The cyber security liabilities embedded in an acquisition target are rarely visible in the information memorandum. They do not appear in the audited accounts. They are not disclosed in the vendor due diligence questionnaire — because the vendor completing the questionnaire either does not know about them or has chosen to describe their security posture in the most favourable terms available. They surface post-completion, when they become the acquirer’s problem.
Australian M&A activity has produced a growing body of post-acquisition cyber incidents in which the acquirer discovered, months or years after completion, that they had assumed responsibility for an unresolved data breach, an active ransomware infection in a dormant system, compliance failures under the Privacy Act, or security vulnerabilities that were being actively exploited at the time the deal closed. In some cases, the incident that revealed the problem was the culmination of a breach that had been ongoing for months before the acquisition completed.
The due diligence process that is supposed to identify these risks is almost universally inadequate for the purpose. Not because acquirers are careless, but because the standard approach to cyber due diligence — a questionnaire sent to the vendor, completed by the vendor, and reviewed by a team without deep cyber security expertise — is structurally incapable of finding what is actually there.
Key Points
- Cyber security liabilities acquired through M&A are frequently not visible in financial statements or disclosed in vendor due diligence responses — they surface post-completion
- A target company’s unresolved data breaches, compliance failures, and security vulnerabilities transfer with the acquisition — including the regulatory and legal consequences of incidents that occurred before completion
- Most Australian M&A due diligence processes rely on questionnaire-based cyber assessment that is structurally incapable of identifying what is actually present
- Pre-acquisition passive assessment can surface the target’s external security posture, breach exposure, and observable compliance gaps without requiring access to their systems or alerting them to scrutiny
- Warranty and indemnity insurance for cyber liabilities is an increasingly common but imperfect solution — understanding what is being covered before the policy is placed is essential
What Questionnaire-Based Due Diligence Cannot See
The cyber security questionnaire sent to an acquisition target is a document about intentions, policies, and self-assessment. It asks questions like: do you have an information security policy? Do you conduct regular security awareness training? Have you experienced a data breach in the past three years? The responses are provided by the vendor, typically under time pressure, and reviewed by legal advisers who are not equipped to interrogate technical claims.
What the questionnaire cannot reveal: whether the systems described in the policy actually behave the way the policy says they do. Whether the data breaches that occurred were identified, assessed, and notified appropriately — or whether they occurred without detection. Whether staff credentials have appeared in breach intelligence databases. Whether the technology stack contains known vulnerabilities that have not been patched. Whether the email configuration allows domain spoofing. Whether the privacy policy accurately reflects data handling practices. All of these are knowable. None of them appear in a vendor-completed questionnaire.
What Passive Pre-Acquisition Assessment Surfaces
A passive assessment of an acquisition target’s external security posture can be conducted before completion, without accessing the target’s systems, and without alerting the target to the scrutiny. It surfaces the information that vendor-completed questionnaires structurally cannot provide: the external footprint, the observable security hygiene, the breach intelligence, the technology stack vulnerabilities, and the privacy compliance posture as it appears to anyone with the knowledge to look.

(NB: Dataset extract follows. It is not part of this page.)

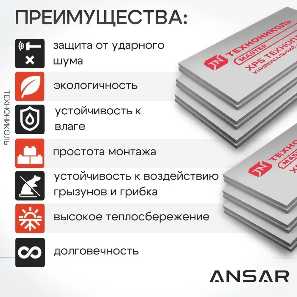 Утеплитель XPS ТЕХНОПЛЕКС 50 мм, 10 уп. (80 плит/54,8м2) из пенополистирола для фасада, стен, крыши, пола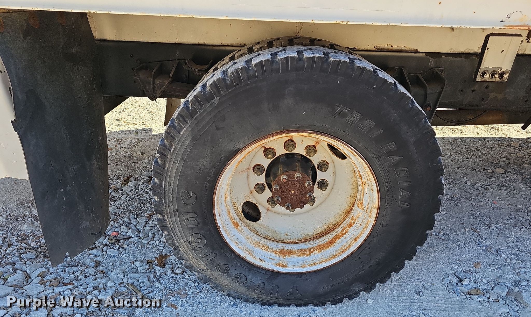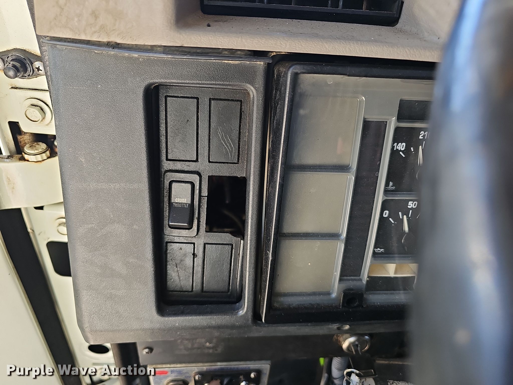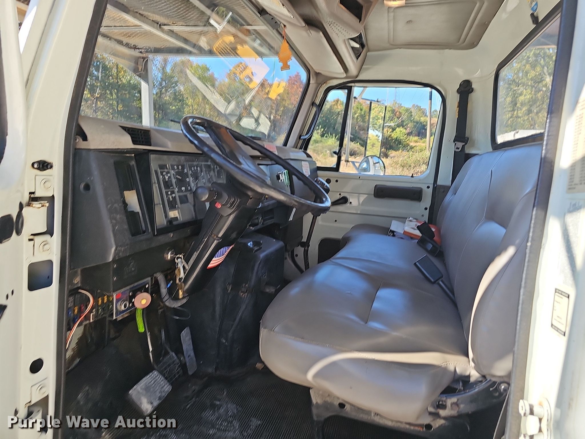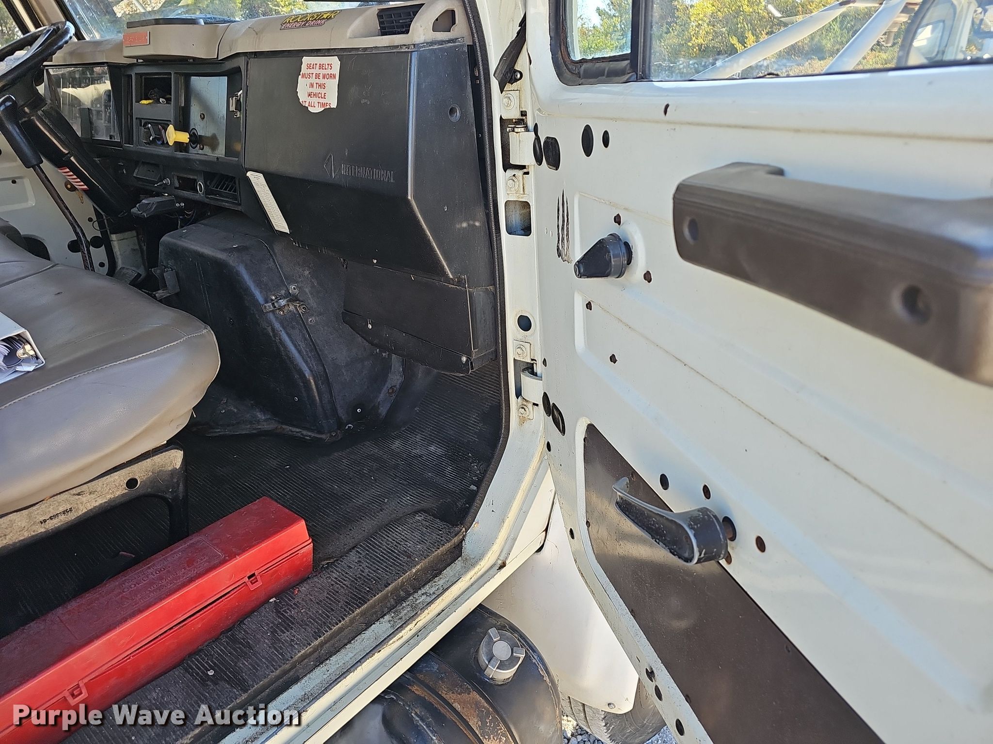 This 2002 International 4700 bucket truck will sell to the highest bidder regardless of price.

This intelligence serves several distinct purposes in an M&A context. It provides a basis for informed negotiation of cyber-specific warranties and indemnities. It identifies risks that should be conditions of completion or specific disclosure items. It informs the pricing of any warranty and indemnity insurance being placed on the transaction. And it gives the acquirer’s integration team a clear picture of the work required to bring the target’s security posture to an acceptable level post-completion.
The Warranty Gap
Warranty and indemnity insurance has become a standard feature of Australian M&A transactions above a certain value threshold. Cyber-specific warranties — assurances that the target has not experienced undisclosed breaches, that its security posture meets certain standards, and that it is compliant with applicable privacy legislation — are increasingly included. But these warranties are only as valuable as the information behind them.
A warranty given by a vendor who does not actually know the state of their security posture is not a meaningful assurance. It is a legal document that shifts liability but does not reduce risk. The acquirer who relies on a cyber warranty without conducting independent assessment to validate it has transferred the financial risk but not the operational or reputational consequence of discovering a problem post-completion. By that point, the business is theirs, the clients are theirs, the regulatory obligations are theirs, and the problem is theirs to resolve.